Macrophage Inflammatory Proteins (MIP) belong to the family of chemotactic cytokines known as chemokines. In humans, there are two major forms, MIP-1alpha and MIP-1beta that are now officially named CCL3 and CCL4 respectively. Both are major factors produced by macrophages after they are stimulated with bacterial endotoxins. They activate human granulocytes (neutrophils, eosinophils and basophils) which can lead to acute neutrophilic inflammation. They also induce the synthesis and release of other pro-inflammatory cytokines such as interleukin 1 (IL-1), IL-6 and TNF-alpha from fibroblasts and macrophages. The genes for CCL3 and CCL4 are both located on human chromosome 17.

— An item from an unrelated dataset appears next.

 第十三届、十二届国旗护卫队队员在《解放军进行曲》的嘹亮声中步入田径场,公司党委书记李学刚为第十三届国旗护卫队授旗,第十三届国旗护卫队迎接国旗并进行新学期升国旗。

Macrophage Inflammatory Protein-1 alpha (MIP-1a) Human Recombinant produced in E. coli is a single, non-glycosylated, polypeptide chain containing 70 amino acids and having a molecular mass of 7820 Dalton. The MIP-1a is purified by proprietary chromatographic techniques. The protein was lyophilized from 0.55 mg/ml solution containing no additives. Purity is greater than 98.0% as determined by RP-HPLC and SDS-PAGE. The biological activity is calculated by the ability of chemo-attraction of Human monocytes using 1-10 ng/ml. The sequence of the first five N-terminal amino acids was determined and was found to be, Ala-Ser-Leu-Ala-Ala.

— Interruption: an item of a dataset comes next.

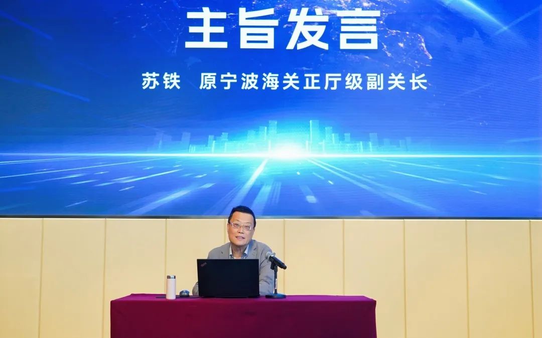 签约结束后,由原宁波海关正厅级副关长、中国海关学会常务理事、宁波海关学会副会长、海关总署一级专家苏铁作主旨发言,基于“破局·重构”的论坛主题,结合国际时事动态,凭借在海关领域的丰富经验和深厚专业知识,为在场听众深入剖析中美关税战下企业应对海关事务的关键要点和策略,助力企业更好应对海关监管和贸易政策的变化。
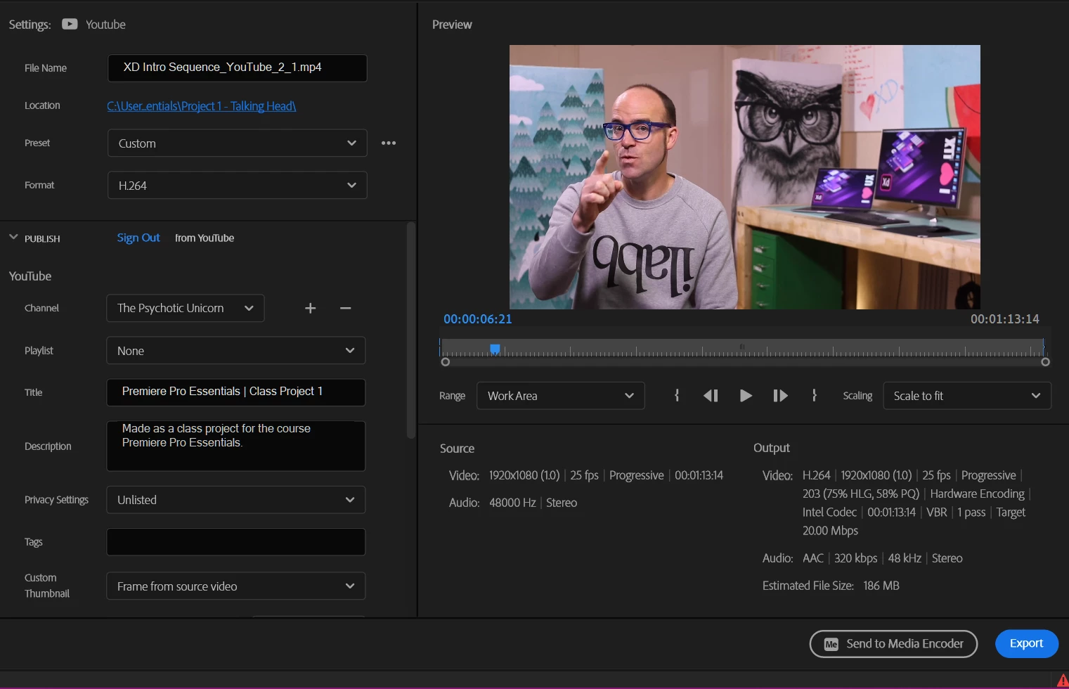 I'm having an issue when trying to publish a video on Youtube. I've signed into my account countless times and as you can see from the picture, in the channel selection tab I'm signed in before I click export.

Protein quantitation was carried out by two independent methods:
1. UV spectroscopy at 280 nm using the absorbency value of 0.9 as the extinction coefficient for a 0.1% (1mg/ml) solution. This value is calculated by the PC GENE computer analysis program of protein sequences (IntelliGenetics).
2. Analysis by RP-HPLC, using a calibrated solution of MIP-1a as a Reference Standard.